Have a question about this project? Sign up for a free GitHub account to open an issue and contact its maintainers and the community.

By clicking “Sign up for GitHub”, you agree to our terms of service and privacy statement. We’ll occasionally send you account related emails.

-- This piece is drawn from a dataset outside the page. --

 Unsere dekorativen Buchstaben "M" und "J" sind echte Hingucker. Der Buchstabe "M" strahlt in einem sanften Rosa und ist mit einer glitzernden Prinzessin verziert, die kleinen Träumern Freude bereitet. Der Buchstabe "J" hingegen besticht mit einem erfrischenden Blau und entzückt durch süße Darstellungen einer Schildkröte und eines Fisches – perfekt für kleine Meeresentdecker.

Already on GitHub? Sign in to your account

addGeneAnnotation module can not annotate the genes on the minus strand #35

Open
fsnibs10 opened this issue Jun 4, 2024 · 2 comments
Open

Comments

@fsnibs10
Copy link

fsnibs10 commented Jun 4, 2024

Hi authors,

My studied organism is Schizosaccharomyces pombe . The latest GFF annotation file is from the Pombase website, not from Ensembl. So I construct the TxDb object by giving the GFF file. The BSgenome is also self constructed by using the BSgenome package. I want to find the spacer sequences targeting a specific gene guided by the website Design_CRISPRko_Cas9.

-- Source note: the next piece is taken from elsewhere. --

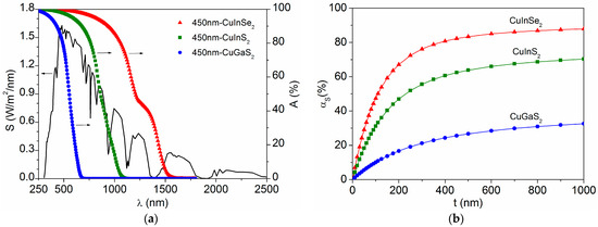 The incident solar irradiance is illustrated in Figure 4a for the standard AM1.5, which has an integrated value 993 W/m2, being 4% in the ultraviolet region (λ = 250–380 nm), 53% in the visible region (λ = 380–780 nm), and 43% in the near infrared region (λ = 780–2500 nm) [33]. Figure 4a also includes the absorptance spectra corresponding to 450 nm thick chalcopyrite films in order to compare the optical characteristics of the different compounds with the solar irradiance. Moving on to a quantitative evaluation, Figure 4b represents the percentage of total solar irradiance that is absorbed by each chalcopyrite compound, calculated from Equation (4) depending on the film thickness. The solar absorptance increases quickly with the thickness up to t~450 nm, at which point a value of αS = 26% is obtained for CuGaS2, αS = 62% for CuInS2 and αS = 82% for CuInSe2. However, the increment for each compound is only about 6% from t = 450 nm to t = 900 nm. On the other hand, a value of αS = 26% is obtained for 80 nm thick CuInS2 and 45 nm thick CuInSe2. The comparative analysis indicates that 70 nm thick CuInSe2 absorbs as much solar irradiance (αS = 37%) as 130 nm thick CuInS2 and 900 nm thick CuGaSe2.

It is strange that the program worked very well for all genes on the plus strand, but it promotes an error for genes on the minus strand ( 'start' or 'end' cannot contain NAs).

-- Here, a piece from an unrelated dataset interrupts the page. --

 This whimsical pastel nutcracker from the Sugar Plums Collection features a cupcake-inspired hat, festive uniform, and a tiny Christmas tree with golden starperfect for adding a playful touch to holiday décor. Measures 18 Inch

The detailed procession is shown below.

> pombe_gff_file <- "./DY47073.gff3"
> pombe_txdb <- getTxDb(pombe_gff_file, organism=NA)
Import genomic features from the file as a GRanges object ... OK
Prepare the 'metadata' data frame ... OK
Make the TxDb object ... OK
> pombe_grList <- TxDb2GRangesList(pombe_txdb)
'select()' returned 1:1 mapping between keys and columns
'select()' returned 1:many mapping between keys and columns
> library(BSgenome.Spombe.DY47073.4CrisprVerse)
> mybsgenome <- BSgenome.Spombe.DY47073.4CrisprVerse



> # gene on the plus strand
> pombe_ade6_gr <- queryTxObject(txObject=pombe_txdb,
+                                featureType="cds",
+                                queryColumn="gene_id",
+                                queryValue="SPCC1322.13")
'select()' returned 1:1 mapping between keys and columns
'select()' returned 1:many mapping between keys and columns
> pombe_ade6_guideSet <- findSpacers(pombe_ade6_gr,
+                              bsgenome=mybsgenome,
+                              crisprNuclease=SpCas9)
> 
> pombe_ade6_guideSet <- addGeneAnnotation(pombe_ade6_guideSet,
+                                    txObject=pombe_txdb)
'select()' returned 1:1 mapping between keys and columns
'select()' returned 1:many mapping between keys and columns


> # gene on the minus strand
> pombe_vtc4_gr <- queryTxObject(txObject=pombe_txdb,
+                                featureType="cds",
+                                queryColumn="gene_id",
+                                queryValue="SPCC1322.14c")
'select()' returned 1:1 mapping between keys and columns
'select()' returned 1:many mapping between keys and columns
> pombe_vtc4_guideSet <- findSpacers(pombe_vtc4_gr,
+                                    bsgenome=mybsgenome,
+                                    crisprNuclease=SpCas9)
> 
> pombe_vtc4_guideSet <- addGeneAnnotation(pombe_vtc4_guideSet,
+                                          txObject=pombe_txdb)
'select()' returned 1:1 mapping between keys and columns
'select()' returned 1:many mapping between keys and columns
Error in.new_IRanges_from_start_end(start, end): 
  'start' or 'end' cannot contain NAs


Below are the part of two genes from gff file.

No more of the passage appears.